*TASK BRIEF*. Without including any pictures, reproduce all the lines below word for word.

*RECORDED DATA*.
=== Section Start ===
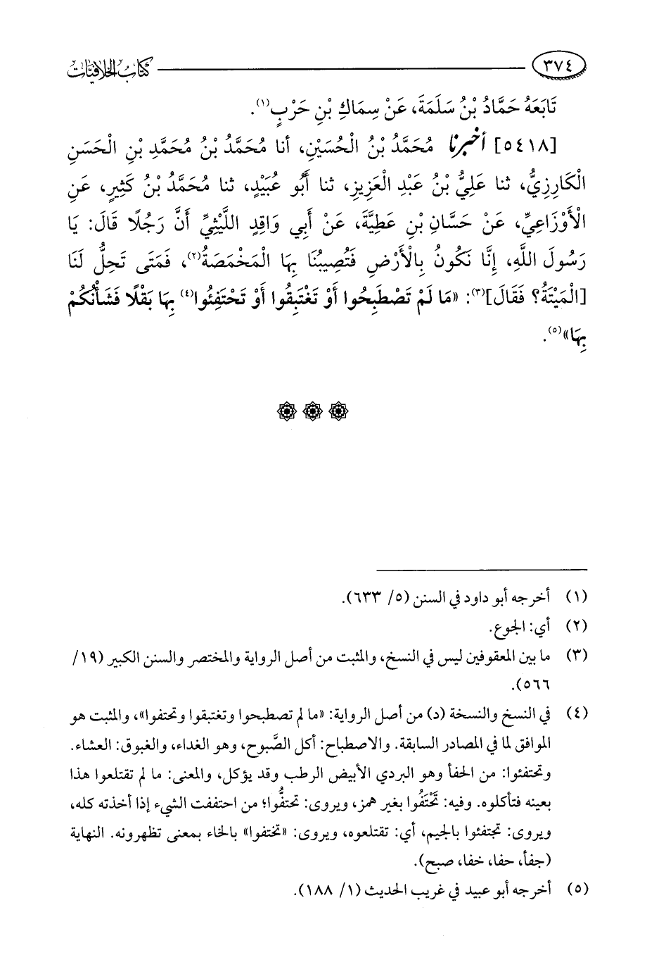[5418] أخبرنا مُحَمَّدُ بْنُ الْحُسَيْنِ، أنا مُحَمَّدُ بْنُ مُحَمَّدِ بْنِ الْحَسَنِ الْكَارِزِيُّ، ثنا عَلِيُّ بْنُ عَبْدِ الْعَزِيزِ، ثنا أَبُو عُبَيْدٍ، ثنا مُحَمَّدُ بْنُ كَثِيرٍ، عَنِ الْأَوْزَاعِيِّ، عَنْ حَسَّانِ بْنِ عَطِيَّةَ، عَنْ أَبِي وَاقِدٍ اللَّيْثِيِّ أَنَّ رَجُلًا قَالَ: يَا رَسُولَ اللَّهِ، إِنَّا نَكُونُ بِالْأَرْضِ فَتُصِيبُنَا بِهَا الْمَخْمَصَةُ (¬2)، فَمَتَى تَحِلُّ لَنَا [الْمَيْتَةُ؟ فَقَالَ] (¬3): "مَا لَمْ تَصْطَبِحُوا أَوْ تَغْتَبِقُوا أَوْ تَحْتَفِئُوا (¬4) بِهَا بَقْلًا فَشَأْنُكُمْ بِهَا" (¬5).
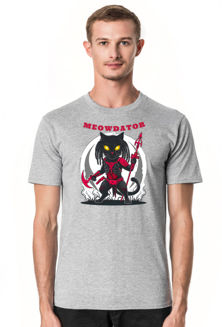 Koszulka męska z zabawnym motywem kota w roli słynnego Predatora.
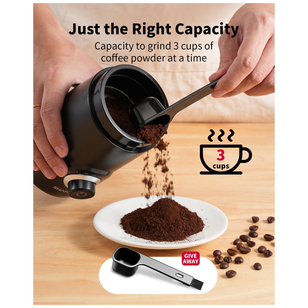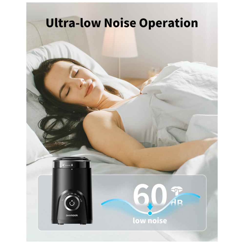 Moedor de café elétrico SHARDOR preto super silencioso controle por tempo ajuste de moagem grossa a fina 110V
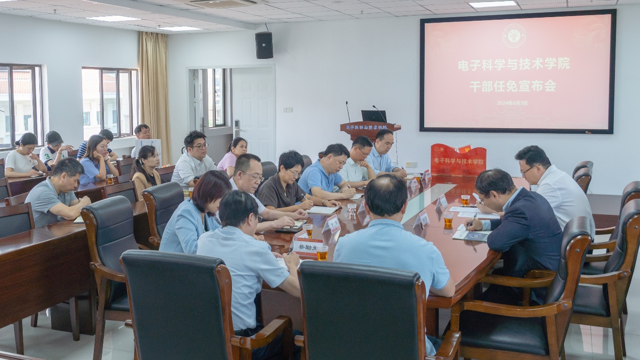 6月3日,厦门大学电子科学与技术学院干部任命宣布会在南存钿楼A513会议室召开。校党委常委、组织部部长、统战部部长孙理出席会议,学院党政领导、党委委员、科级及以上干部、辅导员参加会议。会议由孙理主持。
=== Section End ===
*TASK RESULT*.
[5418] أخبرنا مُحَمَّدُ بْنُ الْحُسَيْنِ، أنا مُحَمَّدُ بْنُ مُحَمَّدِ بْنِ الْحَسَنِ الْكَارِزِيُّ، ثنا عَلِيُّ بْنُ عَبْدِ الْعَزِيزِ، ثنا أَبُو عُبَيْدٍ، ثنا مُحَمَّدُ بْنُ كَثِيرٍ، عَنِ الْأَوْزَاعِيِّ، عَنْ حَسَّانِ بْنِ عَطِيَّةَ، عَنْ أَبِي وَاقِدٍ اللَّيْثِيِّ أَنَّ رَجُلًا قَالَ: يَا رَسُولَ اللَّهِ، إِنَّا نَكُونُ بِالْأَرْضِ فَتُصِيبُنَا بِهَا الْمَخْمَصَةُ (¬2)، فَمَتَى تَحِلُّ لَنَا [الْمَيْتَةُ؟ فَقَالَ] (¬3): "مَا لَمْ تَصْطَبِحُوا أَوْ تَغْتَبِقُوا أَوْ تَحْتَفِئُوا (¬4) بِهَا بَقْلًا فَشَأْنُكُمْ بِهَا" (¬5).
 Koszulka męska z zabawnym motywem kota w roli słynnego Predatora.
 Moedor de café elétrico SHARDOR preto super silencioso controle por tempo ajuste de moagem grossa a fina 110V
 6月3日,厦门大学电子科学与技术学院干部任命宣布会在南存钿楼A513会议室召开。校党委常委、组织部部长、统战部部长孙理出席会议,学院党政领导、党委委员、科级及以上干部、辅导员参加会议。会议由孙理主持。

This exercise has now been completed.